The exact number of Bosch's surviving works has been a subject of considerable debate. His signature can be seen on only seven of his surviving paintings, and there is considerable doubt that many of the paintings once ascribed to him were actually from his hand. It is known that from the early 16th century onward, numerous copies and variations of his paintings began to circulate. In addition, his style was highly influential, and was widely imitated by his numerous followers.

Over the years, scholars have attributed to him fewer and fewer of the works once thought to be his. This is partly a result of technological advances such as infrared reflectography, which enable researchers to examine a painting's underdrawing. Art historians of the early and mid-20th century, such as Tolnay and Baldass, identified between thirty and fifty paintings that they believed to be by Bosch's hand. A later monograph by Gerd Unverfehrt (1980) attributed twenty-five paintings and 14 drawings to him.

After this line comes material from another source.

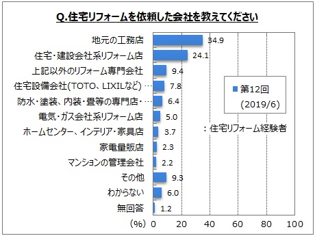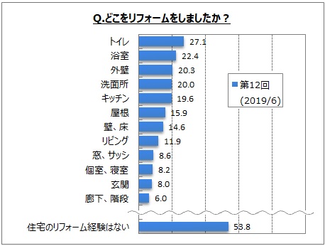 住宅のリフォーム経験を聞いたところ、経験者は全体の5割弱。現在の住居形態別でみると、「持ち家一戸建て」居住者では5~6割、「持ち家集合住宅」居住者では5割弱が経験者だった。リフォーム箇所は、「トイレ」「浴室」「外壁」「洗面所」「キッチン」などが各2~3割。住宅リフォームを依頼した会社は、「地元の工務店」が34.9%、「住宅・建設会社系リフォーム店」が24.1%だった。

In early 2016, The Temptation of St. Anthony, a small panel in the Nelson-Atkins Museum of Art in Kansas City, Missouri, long attributed to the workshop of Hieronymus Bosch, was credited to the painter himself after intensive forensic study by the Bosch Research and Conservation Project. The BRCP has also questioned whether two well-known paintings traditionally accepted to be by Bosch, The Seven Deadly Sins in the Prado and Christ Carrying the Cross in the Museum of Fine Arts, Ghent should instead be credited to the artist's workshop rather than to the painter's own hand.